Aim of the task: Word for word, set down every line of the entries below from the line with "Interchangeables gauche/droite, les" to the line with "Luffer med tommel", including both, and no other line.

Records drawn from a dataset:
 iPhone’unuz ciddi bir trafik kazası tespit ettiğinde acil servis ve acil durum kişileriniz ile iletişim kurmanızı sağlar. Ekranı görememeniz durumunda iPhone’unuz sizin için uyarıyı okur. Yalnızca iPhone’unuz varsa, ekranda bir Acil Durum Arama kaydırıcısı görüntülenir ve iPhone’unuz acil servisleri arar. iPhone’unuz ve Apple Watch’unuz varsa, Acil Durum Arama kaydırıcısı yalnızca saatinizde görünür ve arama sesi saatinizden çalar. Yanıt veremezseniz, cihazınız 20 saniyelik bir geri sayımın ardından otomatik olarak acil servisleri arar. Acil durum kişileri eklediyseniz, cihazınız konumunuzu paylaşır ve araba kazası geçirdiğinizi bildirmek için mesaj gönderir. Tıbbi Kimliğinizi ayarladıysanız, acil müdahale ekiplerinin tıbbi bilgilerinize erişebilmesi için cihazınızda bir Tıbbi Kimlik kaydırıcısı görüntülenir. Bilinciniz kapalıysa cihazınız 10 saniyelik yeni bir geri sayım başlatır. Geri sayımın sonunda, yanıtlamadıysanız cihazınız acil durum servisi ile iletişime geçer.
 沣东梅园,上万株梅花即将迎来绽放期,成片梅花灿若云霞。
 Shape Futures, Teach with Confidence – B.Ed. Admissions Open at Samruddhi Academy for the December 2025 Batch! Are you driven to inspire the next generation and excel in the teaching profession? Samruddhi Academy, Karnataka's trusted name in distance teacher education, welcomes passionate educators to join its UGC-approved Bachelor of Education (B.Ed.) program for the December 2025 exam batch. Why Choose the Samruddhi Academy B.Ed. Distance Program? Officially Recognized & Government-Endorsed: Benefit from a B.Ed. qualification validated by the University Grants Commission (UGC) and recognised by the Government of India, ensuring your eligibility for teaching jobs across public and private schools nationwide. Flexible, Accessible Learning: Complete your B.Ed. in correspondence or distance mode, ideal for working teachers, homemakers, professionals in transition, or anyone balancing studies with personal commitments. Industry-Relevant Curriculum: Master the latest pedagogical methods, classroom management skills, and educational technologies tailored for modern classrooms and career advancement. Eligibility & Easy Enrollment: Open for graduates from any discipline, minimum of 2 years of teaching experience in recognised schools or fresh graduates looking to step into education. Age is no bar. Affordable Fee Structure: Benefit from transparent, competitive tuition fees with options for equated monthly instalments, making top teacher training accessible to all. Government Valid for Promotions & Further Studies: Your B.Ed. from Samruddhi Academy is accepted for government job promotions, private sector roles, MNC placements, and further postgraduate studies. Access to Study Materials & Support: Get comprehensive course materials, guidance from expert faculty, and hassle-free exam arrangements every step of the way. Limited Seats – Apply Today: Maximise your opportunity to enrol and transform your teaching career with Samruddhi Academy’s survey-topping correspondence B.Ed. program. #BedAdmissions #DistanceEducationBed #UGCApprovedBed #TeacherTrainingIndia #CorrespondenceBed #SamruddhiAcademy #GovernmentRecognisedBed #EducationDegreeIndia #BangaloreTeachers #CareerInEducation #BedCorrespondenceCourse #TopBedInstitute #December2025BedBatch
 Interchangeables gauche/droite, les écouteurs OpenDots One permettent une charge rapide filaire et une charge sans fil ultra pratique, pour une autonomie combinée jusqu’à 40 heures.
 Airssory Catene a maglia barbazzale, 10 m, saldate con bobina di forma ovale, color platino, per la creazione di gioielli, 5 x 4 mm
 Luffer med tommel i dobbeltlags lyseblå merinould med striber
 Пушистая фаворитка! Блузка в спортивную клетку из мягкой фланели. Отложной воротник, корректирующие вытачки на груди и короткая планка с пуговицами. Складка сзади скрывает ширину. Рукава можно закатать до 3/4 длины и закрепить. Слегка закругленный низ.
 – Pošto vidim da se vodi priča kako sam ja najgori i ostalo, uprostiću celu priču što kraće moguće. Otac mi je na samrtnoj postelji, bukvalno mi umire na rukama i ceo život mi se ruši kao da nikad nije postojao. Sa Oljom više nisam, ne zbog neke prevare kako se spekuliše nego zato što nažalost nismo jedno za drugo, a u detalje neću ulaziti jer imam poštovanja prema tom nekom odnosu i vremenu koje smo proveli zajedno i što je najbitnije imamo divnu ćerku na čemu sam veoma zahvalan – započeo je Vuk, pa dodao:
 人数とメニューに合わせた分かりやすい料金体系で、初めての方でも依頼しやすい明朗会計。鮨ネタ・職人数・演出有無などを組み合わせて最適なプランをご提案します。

---

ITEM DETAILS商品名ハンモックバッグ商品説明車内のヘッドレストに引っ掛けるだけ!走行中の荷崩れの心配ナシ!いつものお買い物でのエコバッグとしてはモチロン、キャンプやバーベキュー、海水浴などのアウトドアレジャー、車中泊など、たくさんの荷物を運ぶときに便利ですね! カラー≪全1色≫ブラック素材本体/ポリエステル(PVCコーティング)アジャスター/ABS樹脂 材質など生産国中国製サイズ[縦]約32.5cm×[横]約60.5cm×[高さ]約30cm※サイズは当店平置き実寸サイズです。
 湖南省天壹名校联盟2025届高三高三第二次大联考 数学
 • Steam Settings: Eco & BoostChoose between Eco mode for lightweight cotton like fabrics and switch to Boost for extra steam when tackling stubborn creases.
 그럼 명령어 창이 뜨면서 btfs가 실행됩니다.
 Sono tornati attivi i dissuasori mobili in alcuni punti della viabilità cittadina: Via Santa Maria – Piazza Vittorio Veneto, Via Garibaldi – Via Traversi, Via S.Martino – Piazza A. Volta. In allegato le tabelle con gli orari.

==

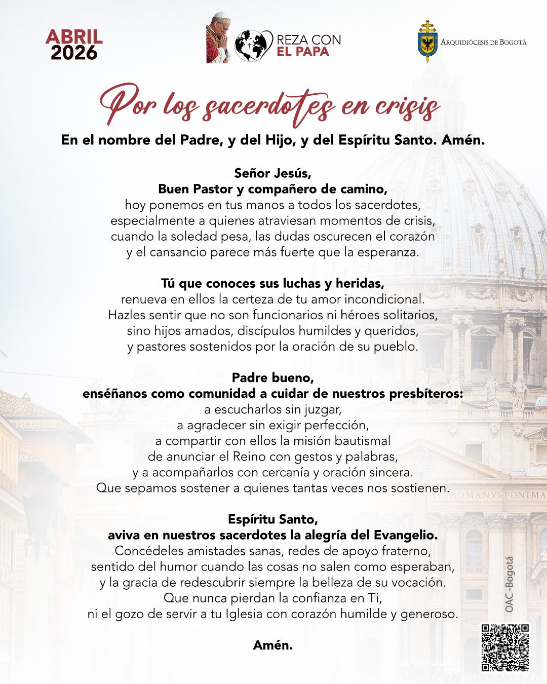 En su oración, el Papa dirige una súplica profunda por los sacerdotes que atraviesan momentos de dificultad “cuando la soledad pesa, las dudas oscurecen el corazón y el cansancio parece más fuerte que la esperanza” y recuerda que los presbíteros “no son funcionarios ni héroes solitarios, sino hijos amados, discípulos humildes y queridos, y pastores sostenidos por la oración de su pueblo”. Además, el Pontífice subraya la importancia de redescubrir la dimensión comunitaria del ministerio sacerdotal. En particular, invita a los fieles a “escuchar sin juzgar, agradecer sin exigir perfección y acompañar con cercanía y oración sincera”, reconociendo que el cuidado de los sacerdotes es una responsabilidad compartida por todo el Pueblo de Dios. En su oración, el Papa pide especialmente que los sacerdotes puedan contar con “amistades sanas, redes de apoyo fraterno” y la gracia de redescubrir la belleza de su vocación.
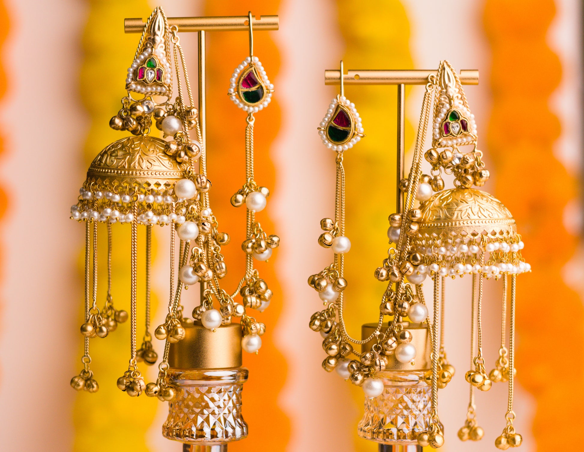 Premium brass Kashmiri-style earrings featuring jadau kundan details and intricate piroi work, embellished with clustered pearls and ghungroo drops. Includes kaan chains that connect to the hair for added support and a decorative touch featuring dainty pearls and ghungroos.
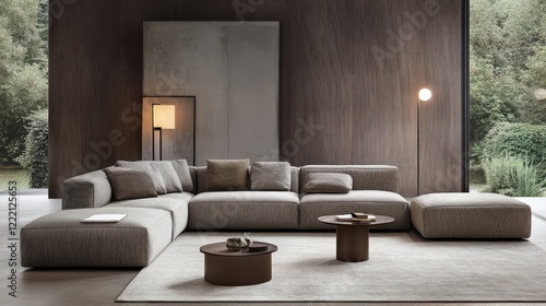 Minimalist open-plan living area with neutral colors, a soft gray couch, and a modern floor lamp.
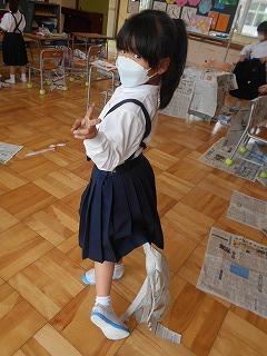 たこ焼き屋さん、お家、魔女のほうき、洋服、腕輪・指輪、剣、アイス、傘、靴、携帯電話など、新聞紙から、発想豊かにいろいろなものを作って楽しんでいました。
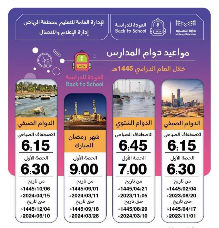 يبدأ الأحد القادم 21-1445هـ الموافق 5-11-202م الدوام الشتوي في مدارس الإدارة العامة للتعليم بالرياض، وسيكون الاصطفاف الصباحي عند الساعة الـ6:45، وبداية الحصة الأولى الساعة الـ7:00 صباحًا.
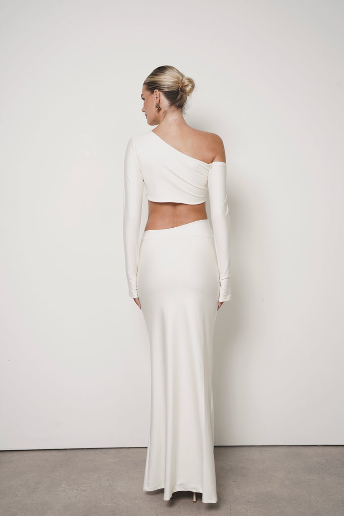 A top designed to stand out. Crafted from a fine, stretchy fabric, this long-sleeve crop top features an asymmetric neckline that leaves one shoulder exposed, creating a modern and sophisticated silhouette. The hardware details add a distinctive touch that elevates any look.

Answer for the task:
 Interchangeables gauche/droite, les écouteurs OpenDots One permettent une charge rapide filaire et une charge sans fil ultra pratique, pour une autonomie combinée jusqu’à 40 heures.
 Airssory Catene a maglia barbazzale, 10 m, saldate con bobina di forma ovale, color platino, per la creazione di gioielli, 5 x 4 mm
 Luffer med tommel i dobbeltlags lyseblå merinould med striber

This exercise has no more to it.